> [Work required]: Every line of the data should be written out exactly, with the pictures left out.

> [Dataset extract]:
⁂

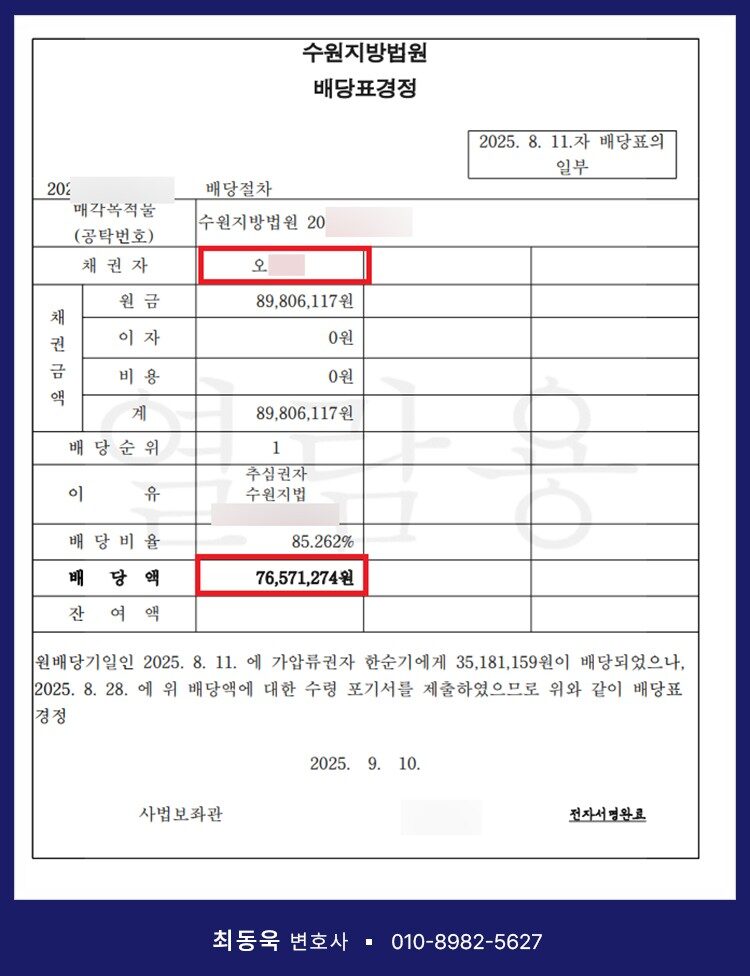 이후 최동욱 변호사는 단순한 판결에 그치지 않고, 조합의 재산을 신속히 파악하여 강제집행 절차를 진행, 그 결과 법원의 배당을 통해 총 7,650만 원을 실제로 회수하는 데 성공하였습니다.
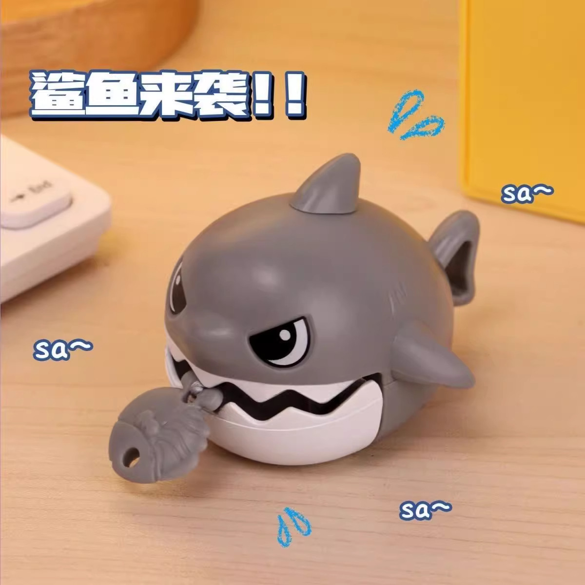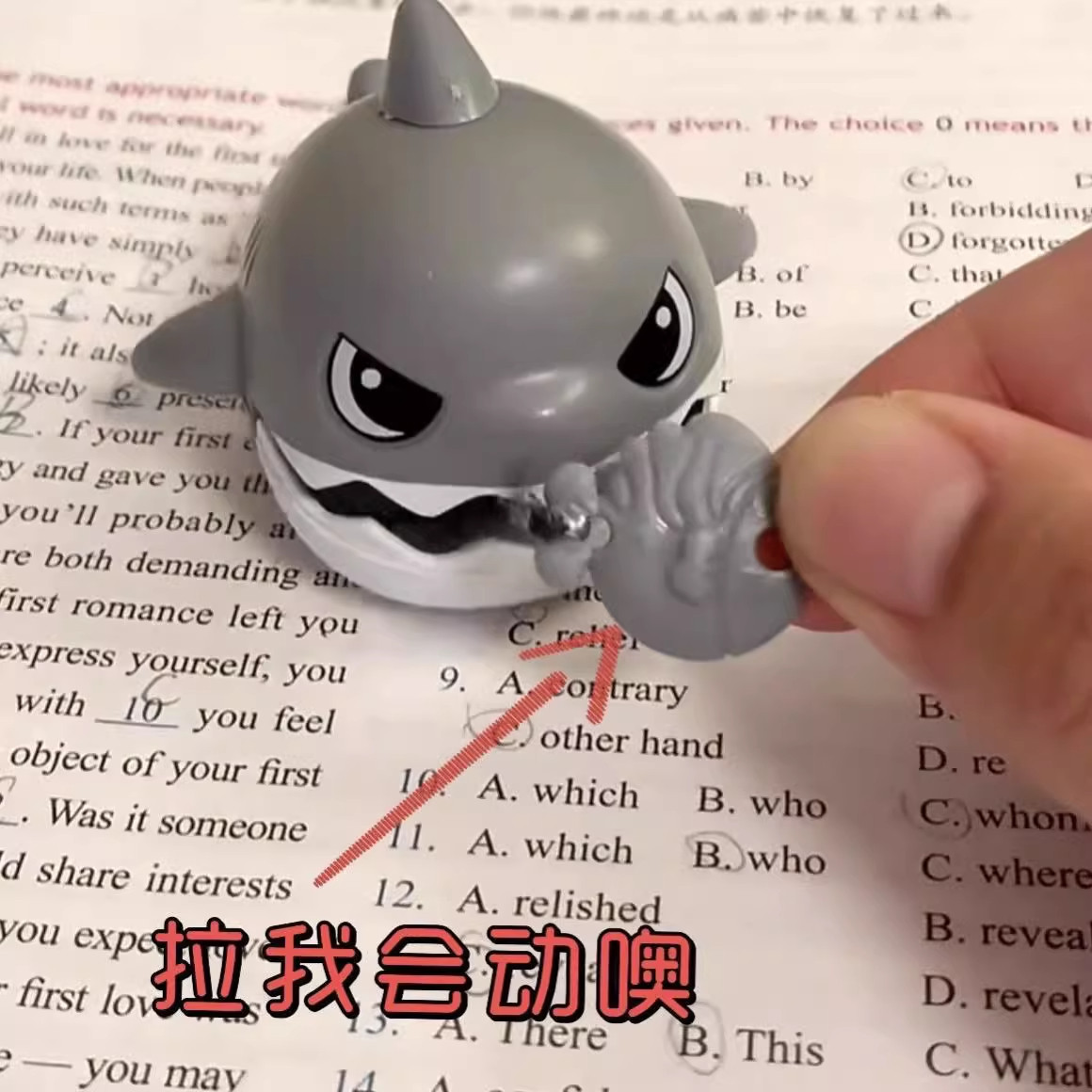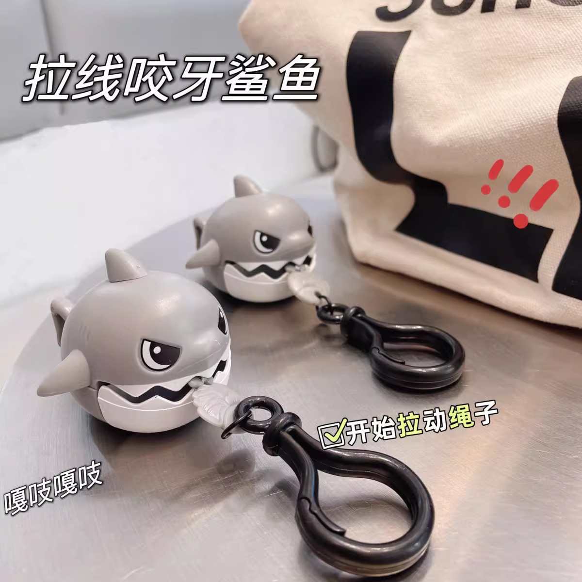 拉线咬牙鲨鱼钥匙扣可拉绳解压神器创意书包包小鲨鱼挂件儿童玩具
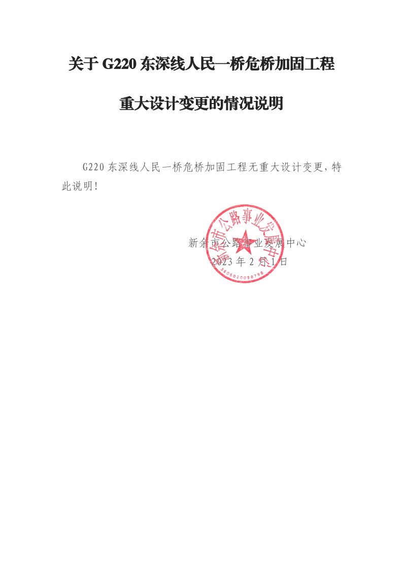 關于G220東深線人民一橋危橋加固工程重大設計變更的情況說明
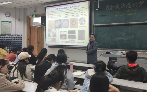 王桦教授的报告分为学术报告和非学术报告两大部分。在学术报告部分,王桦教授向大家深入浅出地介绍了所从事的科研工作,包括可穿戴式医学无线监测器件(医学AI),河海污染物远程监测系统(环境AI),以及肿瘤等疾患治疗药物中间体的绿色合成技术等,并讲述了自己回国后在“产学研”协同创新以及技术成果推广应用等方面的创业历程。在非学术报告部分,王桦教授采用“抛砖”、“引玉”、“攻玉”三个篇章为现场师生讲述了他的国内外求学和工作经历,分享了个人及其所接触的海内外名师大家矢志不渝的成才故事和“百炼成钢”的励志经历,勉励同学们要确定好自己的人生目标,要有求真务实、“咬定青山不放松”的韧性和抗压能力,利用大学阶段的美好时光打好学业基础,为未来实现自己的远大理想和人生价值而奋斗。在最后的自由提问环节中,王桦教授就同学们提出的学业和科研问题作了耐心的解答,赢得了在座师生的阵阵掌声。
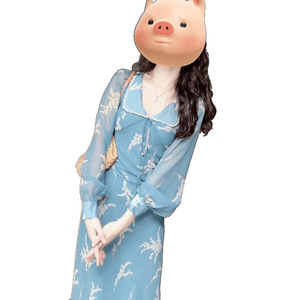 2025年春秋季新款茶歇法式时尚蓝色碎花V领长袖连衣裙
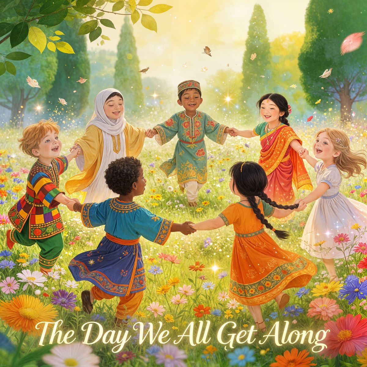 Children of all races, Caucasians, Africans, Arabs, Chinese and Indian , in their traditional costumes, are depicted playing together in a field of wildflowers and trees, their laughter echoing. Their distinct clothing and surroundings blend seamlessly, symbolizing the overcoming of time and societal ...
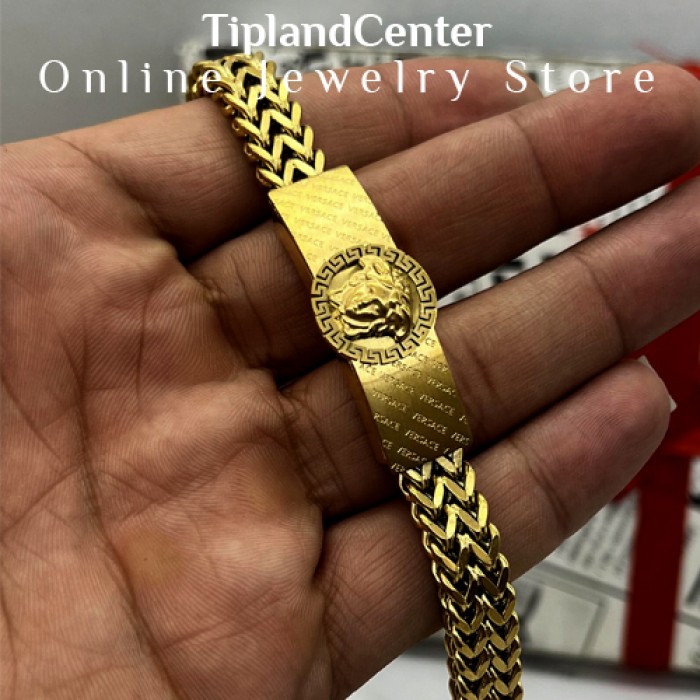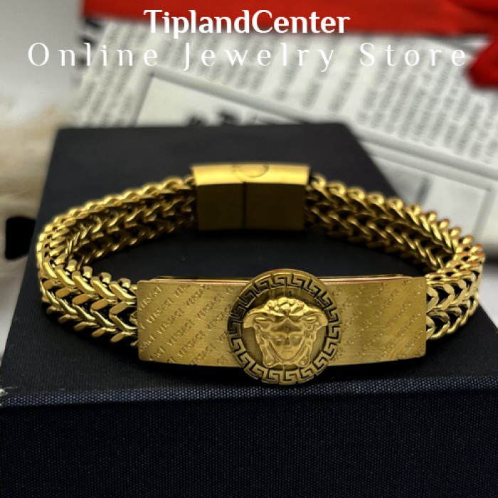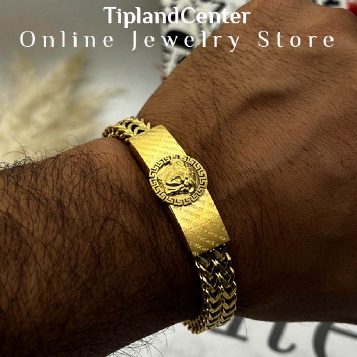 Versace Men's Gold Plated Steel Bracelet with Sliding Magnetic Clasp – 21cm
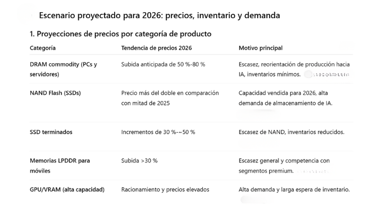 Los analistas coinciden en que la memoria representará una proporción cada vez mayor del costo total de los equipos (BOM). Para los revendedores e integradores en México, esto se traduce en incrementos acumulados que ya no pueden absorberse internamente.
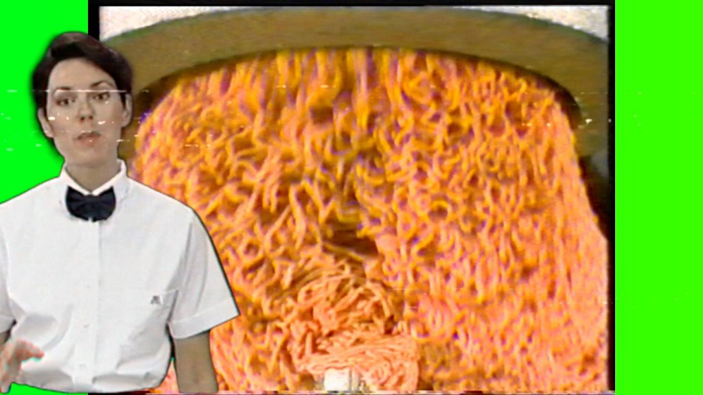 A stack of dusty VHS tapes with training films opens the view to the world of management and precisely timed processes in Mc Donald’s restaurants. From their logic of repetition, rhythm and motivational rhetoric, Gregor Pfeffer and Thadeusz Tischbein developed an over-the-top, satirical parody of the world of work between two burger halves.
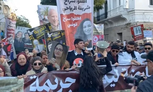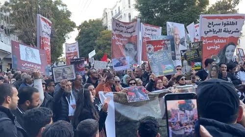 Les manifestants scandent « L’État policier, c’est fini ! », « Nous voulons les libertés ! », « À bas la dictature ! » ou encore « Libérez la Tunisie ! ». Plusieurs pancartes portent les visages de figures actuellement détenues, parmi lesquelles Ahmed Néjib Chebbi ou Ahmed Souab, mais aussi d’activistes et de militants des droits humains, brandies comme symboles d’une opposition bâillonnée.
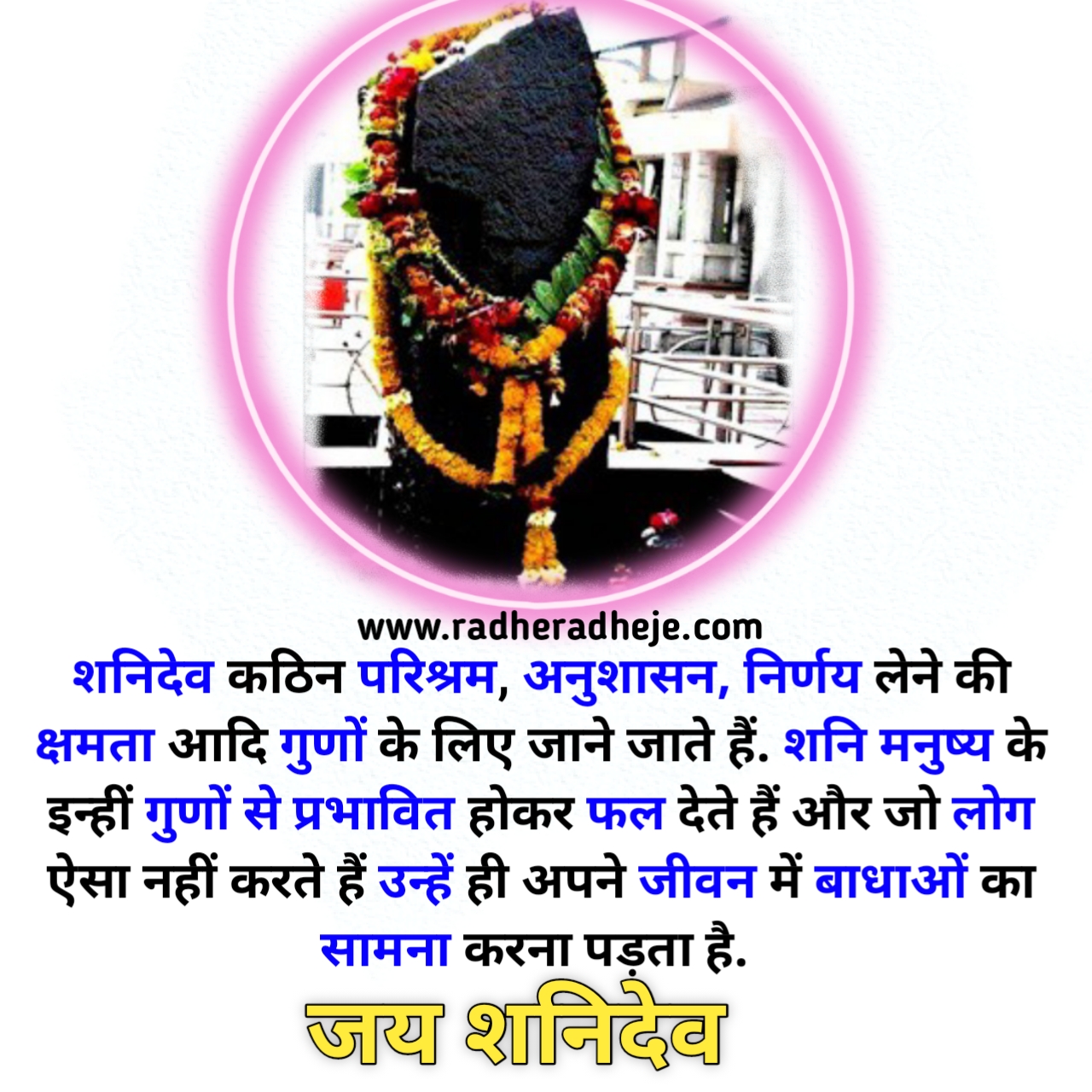 शनिदेव के चरित्र में कर्म की प्रधानता है। शनि उपासना कर्म और कर्तव्य के प्रति दृढ़ संकल्पित व प्रेरित करती है। शास्त्रों के मुताबिक शनि बुरे कर्म करने पर ही प्राणियों को अनेक तरह से दण्डित करते हैं, जो धार्मिक दृष्टि से शनि दशा, शनि की चाल या शनिदेव की क्रूर दृष्टि के रूप में जानी जाती है। माना जाता है कि सांसारिक जीवन में शनिदेव का यह दण्ड शरीर, मन या आर्थिक परेशानियों के रूप में मिलता है। चूंकि हर प्राणी कर्म व कर्तव्यों से किसी न किसी रूप में जुड़ा होता है, इसलिए जिम्मेदारियों को पूरा करते हुए पैदा हुई हित या स्वार्थ पूर्ति की भावना से जाने-अनजाने मन, विचार व कर्म दोषों का भागी बनता है। धर्म की दृष्टि से ऐसे दोषों का शमन प्रायश्चित व क्षमा द्वारा संभव है।
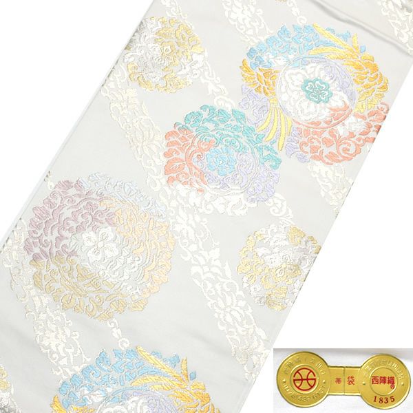 絢爛さがありつつも、繊細さ、格調高さのある華やぎを演出する、上品な華やかさで彩る西陣織袋帯。
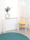 Die gelbe, flache Sitzauflage Kira bringt Wärme und Weichheit auf deinen Lieblingsstuhl. Gefertigt aus reiner Schurwolle, von Hand in Nepal hergestellt und unter fairen Bedingungen produziert. myfelt Sitzauflagen sind wasser- und schmutzabweisend und beidseitig verwendbar.
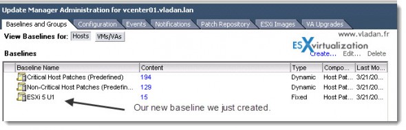 With the patches loaded into Update Manager, the next step would be to create a baseline group that you can use to remediate your hosts (or your clusters). To do so, select Baselines and Groups tab > Create. Put a name for that baseline and select the radio button as a host patch.
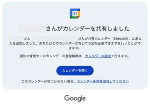 上記のSTEP3で「送信」を押すと、相手のメールアドレス宛にGoogleから招待メールが届きます。
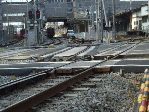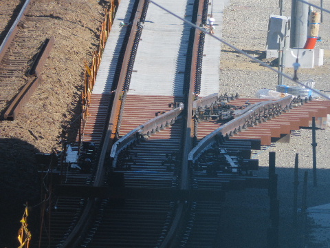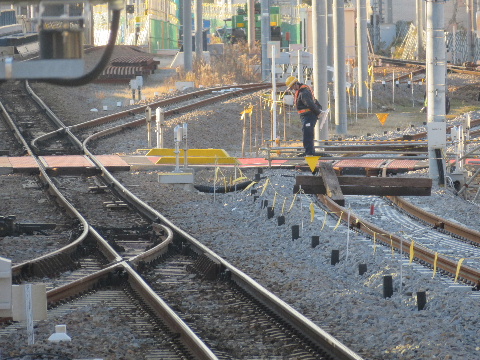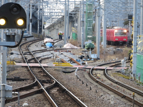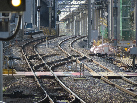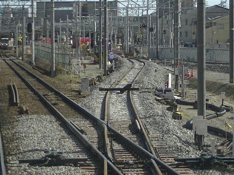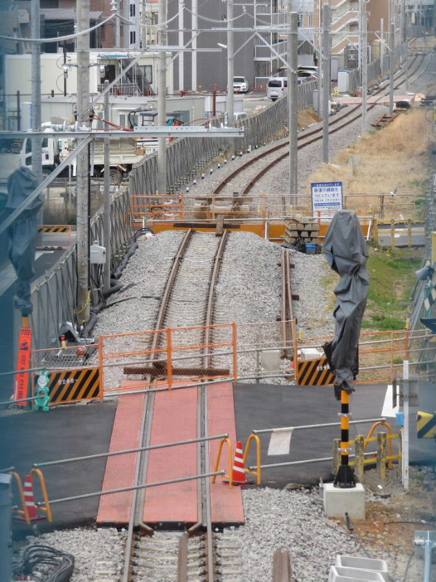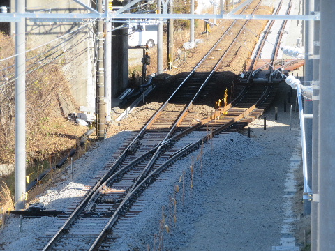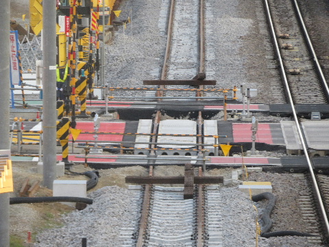 2020年02月23日。奥に新しく設置した分岐器が長い渡り線に接続 され手前の長い渡り線用の分岐器が新しい上下仮線の渡り線に変 わった。 |
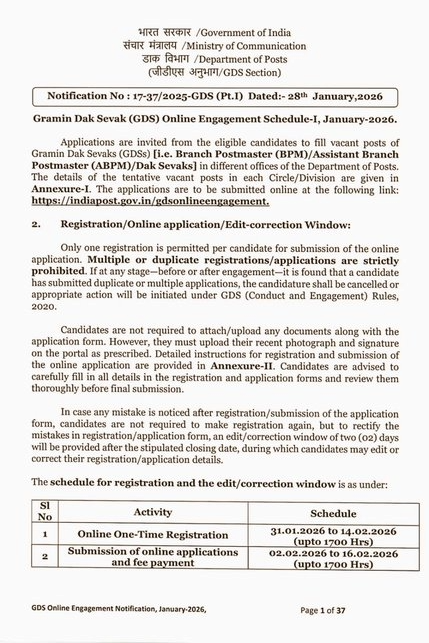 भारत में सरकारी नौकरी की तैयारी करने वाले युवाओं के लिए GDS यानी ग्रामीण डाक सेवक (Gramin Dak Sevak) की भर्ती हमेशा से आकर्षण का केंद्र रही है। इसकी सबसे बड़ी वजह है — बिना लिखित परीक्षा चयन, स्थानीय पोस्टिंग, स्थिर आय और सरकारी तंत्र का हिस्सा बनने का मौका। हर साल लाखों उम्मीदवार GDS भर्ती के नोटिफिकेशन का इंतजार करते हैं क्योंकि यह उन युवाओं के लिए सुनहरा अवसर माना जाता है जो कम शैक्षणिक योग्यता के साथ सरकारी नौकरी चाहते हैं।
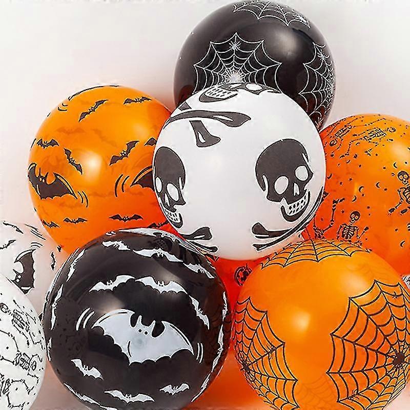 100pcs Halloween Party Balloons 12 Inch Black White Orange Confetti Latex Balloon Pumpkin Bat Ghost Skull Specter Spider Web Balloon For Halloween Par

⁂

> [Task output]:
 이후 최동욱 변호사는 단순한 판결에 그치지 않고, 조합의 재산을 신속히 파악하여 강제집행 절차를 진행, 그 결과 법원의 배당을 통해 총 7,650만 원을 실제로 회수하는 데 성공하였습니다.
 拉线咬牙鲨鱼钥匙扣可拉绳解压神器创意书包包小鲨鱼挂件儿童玩具
 關于G220東深線人民一橋危橋加固工程重大設計變更的情況說明
 王桦教授的报告分为学术报告和非学术报告两大部分。在学术报告部分,王桦教授向大家深入浅出地介绍了所从事的科研工作,包括可穿戴式医学无线监测器件(医学AI),河海污染物远程监测系统(环境AI),以及肿瘤等疾患治疗药物中间体的绿色合成技术等,并讲述了自己回国后在“产学研”协同创新以及技术成果推广应用等方面的创业历程。在非学术报告部分,王桦教授采用“抛砖”、“引玉”、“攻玉”三个篇章为现场师生讲述了他的国内外求学和工作经历,分享了个人及其所接触的海内外名师大家矢志不渝的成才故事和“百炼成钢”的励志经历,勉励同学们要确定好自己的人生目标,要有求真务实、“咬定青山不放松”的韧性和抗压能力,利用大学阶段的美好时光打好学业基础,为未来实现自己的远大理想和人生价值而奋斗。在最后的自由提问环节中,王桦教授就同学们提出的学业和科研问题作了耐心的解答,赢得了在座师生的阵阵掌声。
 2025年春秋季新款茶歇法式时尚蓝色碎花V领长袖连衣裙
 Children of all races, Caucasians, Africans, Arabs, Chinese and Indian , in their traditional costumes, are depicted playing together in a field of wildflowers and trees, their laughter echoing. Their distinct clothing and surroundings blend seamlessly, symbolizing the overcoming of time and societal ...
 Versace Men's Gold Plated Steel Bracelet with Sliding Magnetic Clasp – 21cm
 Los analistas coinciden en que la memoria representará una proporción cada vez mayor del costo total de los equipos (BOM). Para los revendedores e integradores en México, esto se traduce en incrementos acumulados que ya no pueden absorberse internamente.
 A stack of dusty VHS tapes with training films opens the view to the world of management and precisely timed processes in Mc Donald’s restaurants. From their logic of repetition, rhythm and motivational rhetoric, Gregor Pfeffer and Thadeusz Tischbein developed an over-the-top, satirical parody of the world of work between two burger halves.
 Les manifestants scandent « L’État policier, c’est fini ! », « Nous voulons les libertés ! », « À bas la dictature ! » ou encore « Libérez la Tunisie ! ». Plusieurs pancartes portent les visages de figures actuellement détenues, parmi lesquelles Ahmed Néjib Chebbi ou Ahmed Souab, mais aussi d’activistes et de militants des droits humains, brandies comme symboles d’une opposition bâillonnée.
 शनिदेव के चरित्र में कर्म की प्रधानता है। शनि उपासना कर्म और कर्तव्य के प्रति दृढ़ संकल्पित व प्रेरित करती है। शास्त्रों के मुताबिक शनि बुरे कर्म करने पर ही प्राणियों को अनेक तरह से दण्डित करते हैं, जो धार्मिक दृष्टि से शनि दशा, शनि की चाल या शनिदेव की क्रूर दृष्टि के रूप में जानी जाती है। माना जाता है कि सांसारिक जीवन में शनिदेव का यह दण्ड शरीर, मन या आर्थिक परेशानियों के रूप में मिलता है। चूंकि हर प्राणी कर्म व कर्तव्यों से किसी न किसी रूप में जुड़ा होता है, इसलिए जिम्मेदारियों को पूरा करते हुए पैदा हुई हित या स्वार्थ पूर्ति की भावना से जाने-अनजाने मन, विचार व कर्म दोषों का भागी बनता है। धर्म की दृष्टि से ऐसे दोषों का शमन प्रायश्चित व क्षमा द्वारा संभव है।
 絢爛さがありつつも、繊細さ、格調高さのある華やぎを演出する、上品な華やかさで彩る西陣織袋帯。
 Die gelbe, flache Sitzauflage Kira bringt Wärme und Weichheit auf deinen Lieblingsstuhl. Gefertigt aus reiner Schurwolle, von Hand in Nepal hergestellt und unter fairen Bedingungen produziert. myfelt Sitzauflagen sind wasser- und schmutzabweisend und beidseitig verwendbar.
 With the patches loaded into Update Manager, the next step would be to create a baseline group that you can use to remediate your hosts (or your clusters). To do so, select Baselines and Groups tab > Create. Put a name for that baseline and select the radio button as a host patch.
 上記のSTEP3で「送信」を押すと、相手のメールアドレス宛にGoogleから招待メールが届きます。
 2020年02月23日。奥に新しく設置した分岐器が長い渡り線に接続 され手前の長い渡り線用の分岐器が新しい上下仮線の渡り線に変 わった。 |
 भारत में सरकारी नौकरी की तैयारी करने वाले युवाओं के लिए GDS यानी ग्रामीण डाक सेवक (Gramin Dak Sevak) की भर्ती हमेशा से आकर्षण का केंद्र रही है। इसकी सबसे बड़ी वजह है — बिना लिखित परीक्षा चयन, स्थानीय पोस्टिंग, स्थिर आय और सरकारी तंत्र का हिस्सा बनने का मौका। हर साल लाखों उम्मीदवार GDS भर्ती के नोटिफिकेशन का इंतजार करते हैं क्योंकि यह उन युवाओं के लिए सुनहरा अवसर माना जाता है जो कम शैक्षणिक योग्यता के साथ सरकारी नौकरी चाहते हैं।
 100pcs Halloween Party Balloons 12 Inch Black White Orange Confetti Latex Balloon Pumpkin Bat Ghost Skull Specter Spider Web Balloon For Halloween Par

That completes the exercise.